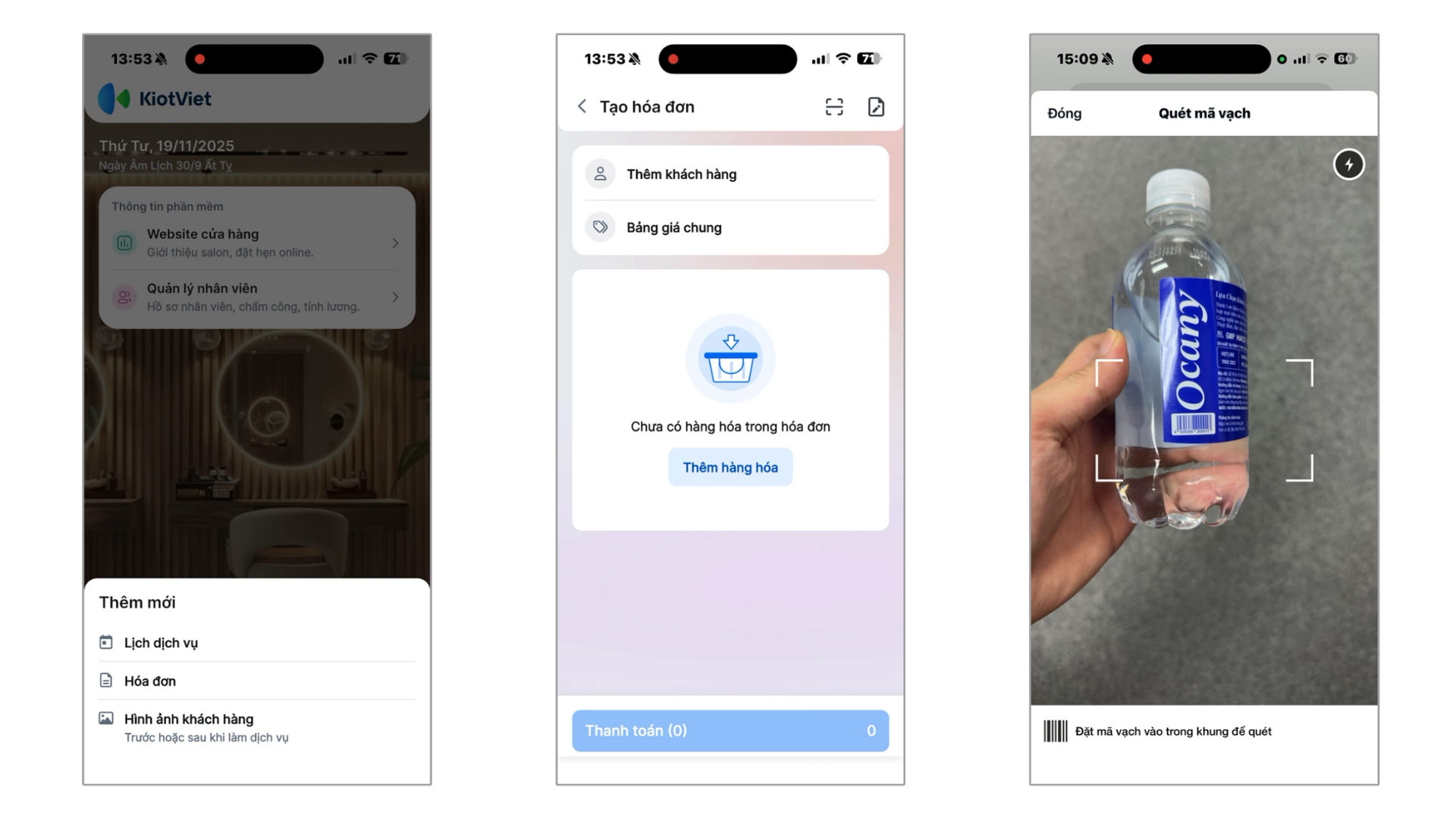 - Giải pháp: Ứng dụng KiotViet Salon trên điện thoại được tích hợp sẵn tính năng quét mã vạch bằng camera của máy. Bạn không cần kết nối với máy quét vật lý. Chỉ cần chọn biểu tượng mã vạch trên ứng dụng và hướng camera về phía sản phẩm để quét.
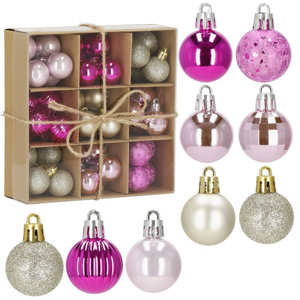 Vánoční baňky růžovo-zlaté mix - 3cm, maxi sada 54ks
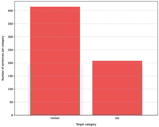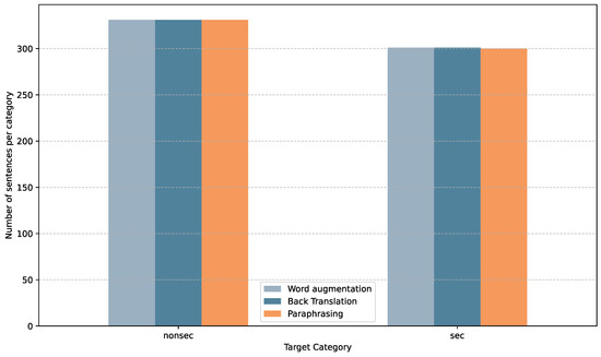 As described in the previous section and as visible in Figure 4, the number of requirements for security (166) and non-security categories (331) are unbalanced. This data type could lead to a model that may perform poorly on underrepresented classes. This imbalance can result in biased predictions, as the model favors the majority class. To address this issue, data augmentation techniques can be employed to enhance the representation of minority classes. In this work, we relied on three approaches: word augmentation, back translation, and paraphrasing. Regarding word augmentation, this technique generally consists of generating new random variations of words or phrases in a text. However, in this work, we applied a strategy that relies on a pre-trained BERT model [18] to generate contextual embeddings and add for each requirement three new sentences by randomly adding, removing, or substituting words in the sentences. Using this approach, the model identifies a target word and suggests alternatives based on the surrounding context, ensuring the replacement maintains the original sentence’s semantic integrity. This process enriches the training dataset and helps us mitigate issues related to class imbalance. Instead, back translation is an augmentation technique used in natural language processing (NLP) that involves translating a sentence from the source to a target language and then back to the original language. In this phase, using Google Translate (https://translate.google.com/, accessed on 18 October 2024), we translate each sentence in the training dataset to a random language and translate it back to English. Finally, paraphrasing involves generating alternative versions of a given text while preserving its original meaning. In this process, we used three different Large Language Models to generate three different versions from the starting requirements. The first of these three models is based on the T5 (Text-to-Text Transfer Transformer) [19] architecture, which treats every NLP task as a text-to-text problem. The T5 model is pre-trained on a diverse range of tasks and can generate paraphrases by understanding the context and semantics of the input text. It excels in generating coherent and contextually relevant paraphrases. The second involved model is GPT-Neo [20], an open-source alternative to OpenAI’s GPT-3 and, with its 2.7 billion parameter version, can generate human-like text based on the input it receives. It can perform various tasks, including text generation, completion, and paraphrasing. Its large size allows it to capture complex language patterns, making it practical for generating diverse and creative paraphrases. Finally, Pegasus [21] is a model specifically designed for text generation tasks, particularly summarization and paraphrasing. It uses a transformer architecture and is pre-trained on a large text corpus. The variant used in this work is fine-tuned for paraphrasing tasks, allowing it to effectively produce paraphrases that maintain the original meaning while varying the wording and structure. We submitted each requirement to each model, indicating to the model to perform the paraphrasing task and adding each result to the new dataset. Table 3 shows an example of an original dataset requirement and the related variants generated using the abovementioned techniques. In contrast, Figure 5 shows the dataset size after each of the three processes that allowed us to rely on a more balanced dataset.
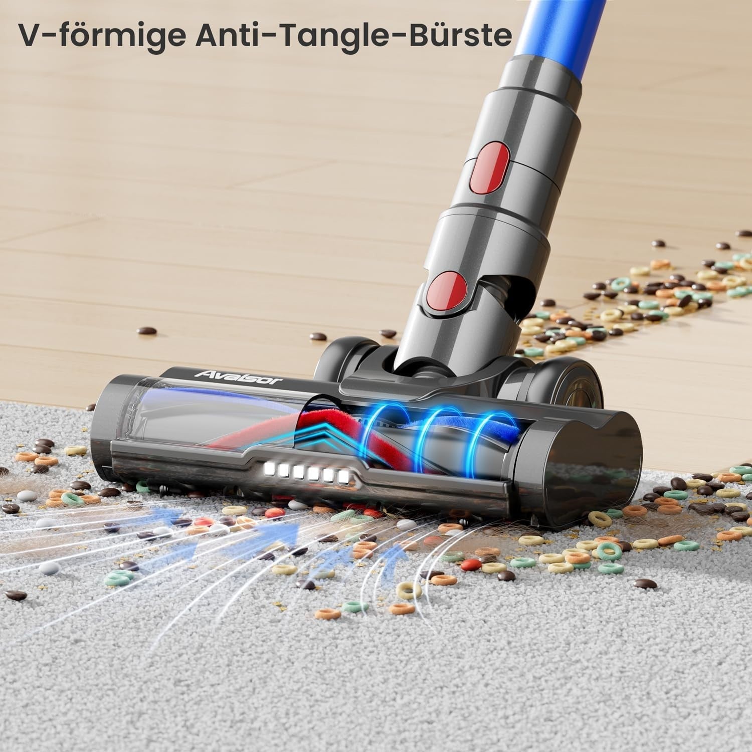 - 【Flexible Anti-Tangle-Bürste】 Durch das Rillendesign auf beiden Seiten der Bodenbürste können Sie sich problemlos von Staub verabschieden, der an den Kanten zurückbleibt. Um Haarverfilzungen wirksam zu reduzieren, haben wir uns für eine elektrische Bodenbürste 5C mit Kammstruktur und eine rotierende V-förmige Bürste mit einer Kombination aus weichen und harten Borsten entschieden. Der flexible Bürstenkopf mit LED-Licht erreicht problemlos dunkle Bereiche wie unter dem Tisch, unter dem Bett, unter dem Sofa usw.
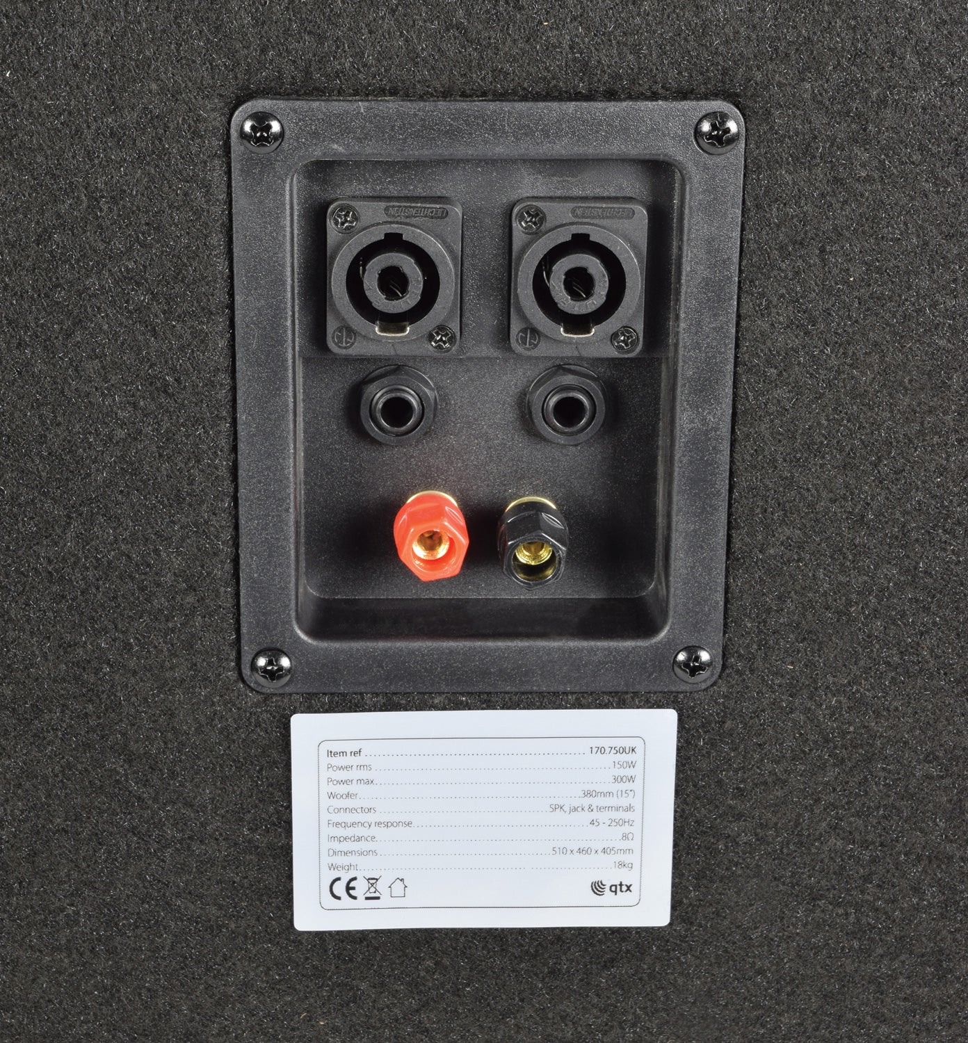 QTX: 170.750UK, QT Series 15" Bass Box, 150W RMS, 8 Ohm, SPK Connectors
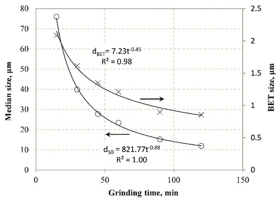 In this equation the SSA values of BET provided in Table 4 were considered and the BET size at each grinding time was determined by using the relation f/k = π/6. The results of Figure 5 show that in both cases the product particle size decreases with the grinding time, and very strong correlation between them is obtained with the use of inverse exponential function. However, the use of BET results in much finer particle sizes in comparison with LD. The results obtained from BET allow the determination of the true grinding limit as already mentioned in previous studies [63].
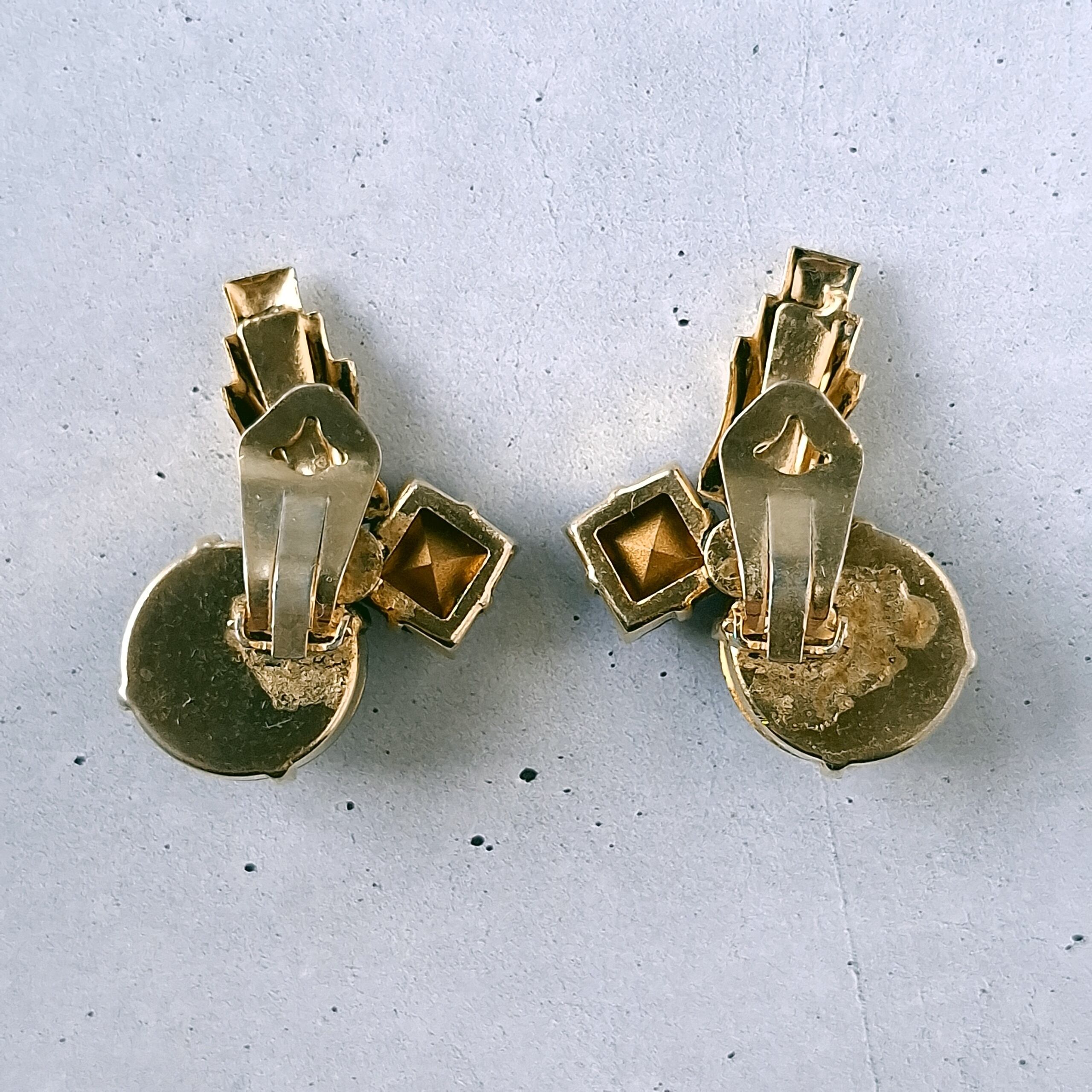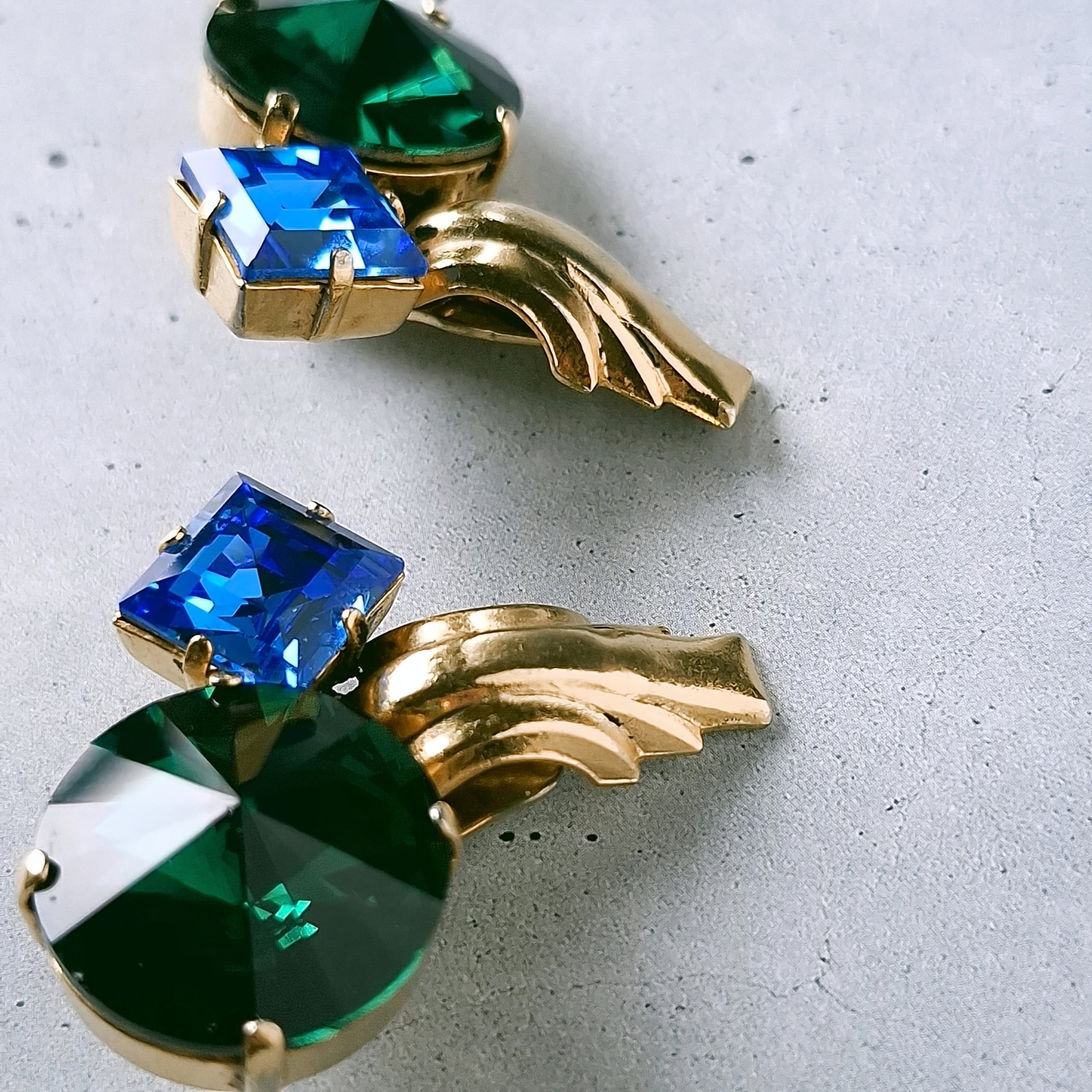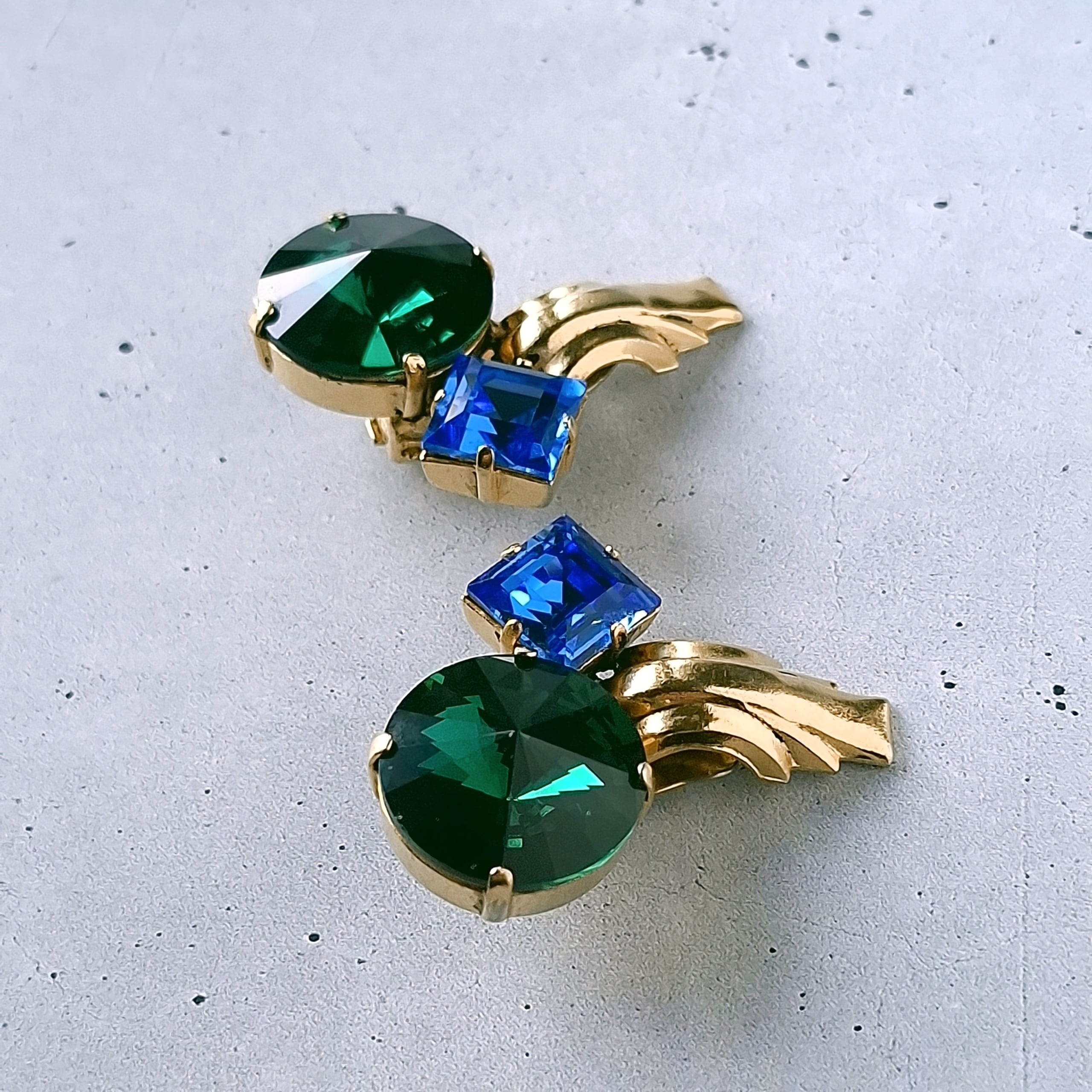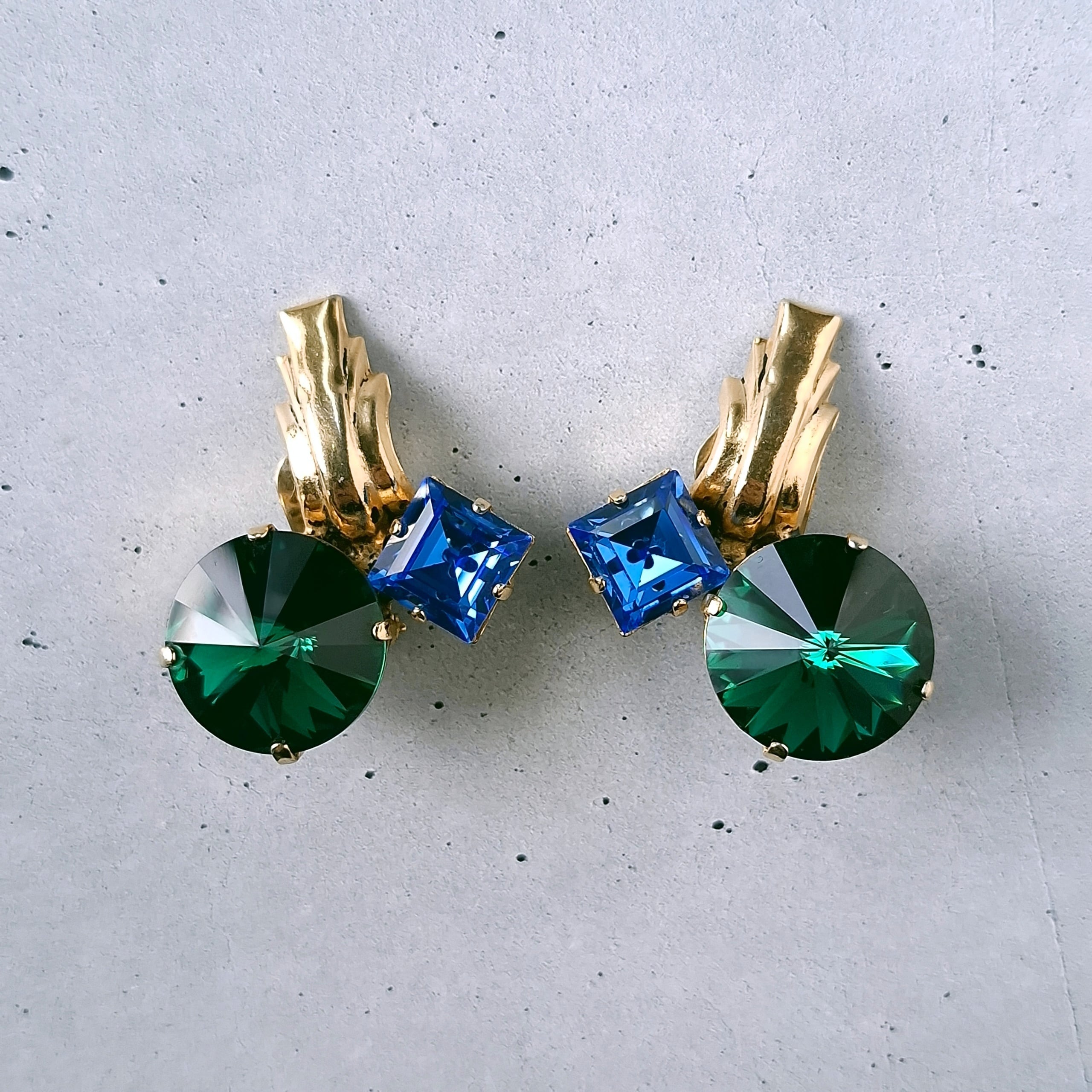 モダンな形のメタル、大粒のグリーンのリヴォリとブルーのスクエアラインストーンがアーティスティックにデザインされたヴィンテージイヤリングです。

**EXERCISE REQUIREMENTS:**
In your copy, please omit the pictures and print every line of the records exactly.

**YOUR SOLUTION:**
 - Giải pháp: Ứng dụng KiotViet Salon trên điện thoại được tích hợp sẵn tính năng quét mã vạch bằng camera của máy. Bạn không cần kết nối với máy quét vật lý. Chỉ cần chọn biểu tượng mã vạch trên ứng dụng và hướng camera về phía sản phẩm để quét.
 Vánoční baňky růžovo-zlaté mix - 3cm, maxi sada 54ks
 As described in the previous section and as visible in Figure 4, the number of requirements for security (166) and non-security categories (331) are unbalanced. This data type could lead to a model that may perform poorly on underrepresented classes. This imbalance can result in biased predictions, as the model favors the majority class. To address this issue, data augmentation techniques can be employed to enhance the representation of minority classes. In this work, we relied on three approaches: word augmentation, back translation, and paraphrasing. Regarding word augmentation, this technique generally consists of generating new random variations of words or phrases in a text. However, in this work, we applied a strategy that relies on a pre-trained BERT model [18] to generate contextual embeddings and add for each requirement three new sentences by randomly adding, removing, or substituting words in the sentences. Using this approach, the model identifies a target word and suggests alternatives based on the surrounding context, ensuring the replacement maintains the original sentence’s semantic integrity. This process enriches the training dataset and helps us mitigate issues related to class imbalance. Instead, back translation is an augmentation technique used in natural language processing (NLP) that involves translating a sentence from the source to a target language and then back to the original language. In this phase, using Google Translate (https://translate.google.com/, accessed on 18 October 2024), we translate each sentence in the training dataset to a random language and translate it back to English. Finally, paraphrasing involves generating alternative versions of a given text while preserving its original meaning. In this process, we used three different Large Language Models to generate three different versions from the starting requirements. The first of these three models is based on the T5 (Text-to-Text Transfer Transformer) [19] architecture, which treats every NLP task as a text-to-text problem. The T5 model is pre-trained on a diverse range of tasks and can generate paraphrases by understanding the context and semantics of the input text. It excels in generating coherent and contextually relevant paraphrases. The second involved model is GPT-Neo [20], an open-source alternative to OpenAI’s GPT-3 and, with its 2.7 billion parameter version, can generate human-like text based on the input it receives. It can perform various tasks, including text generation, completion, and paraphrasing. Its large size allows it to capture complex language patterns, making it practical for generating diverse and creative paraphrases. Finally, Pegasus [21] is a model specifically designed for text generation tasks, particularly summarization and paraphrasing. It uses a transformer architecture and is pre-trained on a large text corpus. The variant used in this work is fine-tuned for paraphrasing tasks, allowing it to effectively produce paraphrases that maintain the original meaning while varying the wording and structure. We submitted each requirement to each model, indicating to the model to perform the paraphrasing task and adding each result to the new dataset. Table 3 shows an example of an original dataset requirement and the related variants generated using the abovementioned techniques. In contrast, Figure 5 shows the dataset size after each of the three processes that allowed us to rely on a more balanced dataset.
 - 【Flexible Anti-Tangle-Bürste】 Durch das Rillendesign auf beiden Seiten der Bodenbürste können Sie sich problemlos von Staub verabschieden, der an den Kanten zurückbleibt. Um Haarverfilzungen wirksam zu reduzieren, haben wir uns für eine elektrische Bodenbürste 5C mit Kammstruktur und eine rotierende V-förmige Bürste mit einer Kombination aus weichen und harten Borsten entschieden. Der flexible Bürstenkopf mit LED-Licht erreicht problemlos dunkle Bereiche wie unter dem Tisch, unter dem Bett, unter dem Sofa usw.
 QTX: 170.750UK, QT Series 15" Bass Box, 150W RMS, 8 Ohm, SPK Connectors
 In this equation the SSA values of BET provided in Table 4 were considered and the BET size at each grinding time was determined by using the relation f/k = π/6. The results of Figure 5 show that in both cases the product particle size decreases with the grinding time, and very strong correlation between them is obtained with the use of inverse exponential function. However, the use of BET results in much finer particle sizes in comparison with LD. The results obtained from BET allow the determination of the true grinding limit as already mentioned in previous studies [63].
 モダンな形のメタル、大粒のグリーンのリヴォリとブルーのスクエアラインストーンがアーティスティックにデザインされたヴィンテージイヤリングです。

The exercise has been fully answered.